Although Thompson planned to attend a barbeque with the Ebingers and Noftsger that evening, she did not call to tell them she was not coming. A week later, Thompson told them that she had been attacked, but she did not say that she had been raped because she "didn't want to relive it." Noftsger testified that she felt a knot on the back of Thompson's head.

Detective Kathy Holt interviewed Thompson about 10 days after the incident. Holt reported that Thompson was withdrawn and "totally shut down" during the interview. Although Holt observed a slight bruise on Thompson's arm, she did not find any injuries to Thompson's head. The case was placed on inactive status until results from the fingerprint analysis established that Jackson's prints were on the bottle.

Jackson was arrested on December 1, 2006, and charged with first degree rape. He admitted having sex with Thompson but claimed that it was consensual. According to Jackson, he met Thompson in the parking lot as she was securing her car. Jackson testified that Thompson was drunk: he said that he smelled alcohol on her breath and she appeared to be drinking alcohol from a red plastic cup. After flirting with Jackson, she kissed him and invited him into her apartment. Thompson then told Jackson that she was a lesbian but was interested in having sex with an African American man. Thompson performed oral sex on him and engaged in consensual sexual intercourse, after which they both fell asleep. Jackson woke up about an hour later and discovered that two bags of marijuana were missing from his pants. Believing that Thompson had stolen them, he, in turn, stole a watch, a bottle of cologne, and some candy. Jackson denied taking her cell phone, DVD player, and checkbook.

The amended charge also shows that the State charged Jackson with child molestation in the second degree. These counts were severed, and Jackson pleaded guilty to the second degree molestation charge. He was sentenced to 42 months in prison on that count.
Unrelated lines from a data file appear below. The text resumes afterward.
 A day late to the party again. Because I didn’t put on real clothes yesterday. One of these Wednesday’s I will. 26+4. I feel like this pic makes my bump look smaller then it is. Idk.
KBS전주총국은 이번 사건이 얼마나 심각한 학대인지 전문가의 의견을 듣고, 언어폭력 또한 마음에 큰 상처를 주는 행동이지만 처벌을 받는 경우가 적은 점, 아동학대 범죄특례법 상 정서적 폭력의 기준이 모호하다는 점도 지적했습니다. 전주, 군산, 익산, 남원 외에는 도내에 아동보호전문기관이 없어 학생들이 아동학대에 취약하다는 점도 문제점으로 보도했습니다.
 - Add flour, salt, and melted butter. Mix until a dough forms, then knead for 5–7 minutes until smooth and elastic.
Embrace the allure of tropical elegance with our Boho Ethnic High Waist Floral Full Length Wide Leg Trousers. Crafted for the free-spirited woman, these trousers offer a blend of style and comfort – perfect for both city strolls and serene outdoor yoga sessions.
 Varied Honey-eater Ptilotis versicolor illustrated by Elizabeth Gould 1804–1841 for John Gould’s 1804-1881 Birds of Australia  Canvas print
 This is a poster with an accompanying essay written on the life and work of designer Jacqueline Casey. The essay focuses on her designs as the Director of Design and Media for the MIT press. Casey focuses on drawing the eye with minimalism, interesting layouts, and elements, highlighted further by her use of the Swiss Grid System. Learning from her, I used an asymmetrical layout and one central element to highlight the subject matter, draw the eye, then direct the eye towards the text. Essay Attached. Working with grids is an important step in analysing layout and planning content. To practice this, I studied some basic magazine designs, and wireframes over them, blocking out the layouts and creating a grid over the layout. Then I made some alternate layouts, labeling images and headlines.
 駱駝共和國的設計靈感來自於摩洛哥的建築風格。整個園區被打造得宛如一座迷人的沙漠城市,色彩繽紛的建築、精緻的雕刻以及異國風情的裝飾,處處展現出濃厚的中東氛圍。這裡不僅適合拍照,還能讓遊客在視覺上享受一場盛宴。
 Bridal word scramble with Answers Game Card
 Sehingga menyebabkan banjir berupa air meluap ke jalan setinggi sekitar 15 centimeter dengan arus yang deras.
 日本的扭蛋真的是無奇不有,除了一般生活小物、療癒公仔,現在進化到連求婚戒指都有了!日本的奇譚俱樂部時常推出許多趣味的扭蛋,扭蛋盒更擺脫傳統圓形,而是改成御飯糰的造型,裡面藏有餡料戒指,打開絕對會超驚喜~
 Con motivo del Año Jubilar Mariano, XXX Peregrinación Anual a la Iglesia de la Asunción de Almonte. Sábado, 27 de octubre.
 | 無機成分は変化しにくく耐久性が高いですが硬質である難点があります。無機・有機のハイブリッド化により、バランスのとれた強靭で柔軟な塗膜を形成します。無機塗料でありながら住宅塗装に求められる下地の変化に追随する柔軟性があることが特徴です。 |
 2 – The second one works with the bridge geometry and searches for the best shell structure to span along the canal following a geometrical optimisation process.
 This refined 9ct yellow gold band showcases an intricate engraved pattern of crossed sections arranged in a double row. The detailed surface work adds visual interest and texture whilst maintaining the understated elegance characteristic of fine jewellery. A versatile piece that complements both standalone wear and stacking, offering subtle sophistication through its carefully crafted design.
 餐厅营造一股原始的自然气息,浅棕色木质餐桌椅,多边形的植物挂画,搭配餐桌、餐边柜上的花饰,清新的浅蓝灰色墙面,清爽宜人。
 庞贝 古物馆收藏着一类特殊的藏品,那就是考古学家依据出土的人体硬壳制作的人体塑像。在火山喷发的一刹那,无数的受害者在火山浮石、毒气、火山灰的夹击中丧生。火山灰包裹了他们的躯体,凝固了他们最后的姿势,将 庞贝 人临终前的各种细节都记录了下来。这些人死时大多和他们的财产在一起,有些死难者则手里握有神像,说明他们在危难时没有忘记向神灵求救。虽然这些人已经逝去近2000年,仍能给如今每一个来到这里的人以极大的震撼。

Jackson's trial began on January 14, 2008, before a jury whose members were drawn only from the Kent jury assignment area according to RCW 2.36.055 and former LGR 18. The State called Thompson to the stand, and she testified about the June 17, 2006, incident and her subsequent alcoholic relapse without objection from Jackson. Thompson specifically stated that she had been drinking so heavily at the Gay Pride parade in June 2007 that she passed out and was sent home by Noftsger and the Ebingers in a taxi. Additional witnesses for the State included Joann and Sina Ebinger and Noftsger. All three witnesses testified about Thompson's drinking at the 2007 parade, with Jackson eliciting further details on cross-examination about Thompson's extreme intoxication. Jackson only objected on relevancy grounds when the last two of these witnesses, Sina Ebinger and Noftsger, were asked if they "had any concerns" about statements Thompson made to them at the 2007 parade. Jackson also objected when Noftsger stated that Thompson's alcohol abuse was so severe that she "knew that if [Thompson] kept up like that, she was going to die."

In closing, defense counsel referred to Noftsger's testimony as supporting the theory that Thompson's alcohol abuse led her to do "some things that she would normally never do, and that includes having consensual sex with a man, Robert Jackson." In rebuttal, the prosecutor argued that the weight of evidence favored Jackson's conviction and stated that, unlike defense counsel, she was "pursuing justice." The jury found Jackson guilty of first degree rape, and the court imposed an indeterminate sentence of 160 months to life in prison.

Discussion

I. Prosecutorial Misconduct

To establish prosecutorial misconduct, the defendant must show that the prosecutor's conduct "was both improper and prejudicial in the context of the entire record and circumstances at trial." The defendant bears the burden of showing both that the conduct was improper and that it caused prejudice. When an appeal alleges misconduct resulting from comments made by the prosecutor in her closing argument, and the defendant fails to object at that time, the issue before an appellate court "becomes whether any curative instructions would have effectively erased the prejudice." In other words, the alleged misconduct will not be reviewed unless the comment is "so flagrant and ill intentioned that no curative instructions could have obviated the prejudice engendered by the misconduct." In examining whether the prejudice could have been remedied by a curative instruction, we "do not look at the comments in isolation, but in the context of the total argument, the issues in the case, the evidence, and the instructions given to the jury."

State v. Hughes, 118 Wn. App. 713, 727, 77 P.3d 681 (2003).

State v. Belgarde, 110 Wn.2d 504, 507, 755 P.2d 174 (1988).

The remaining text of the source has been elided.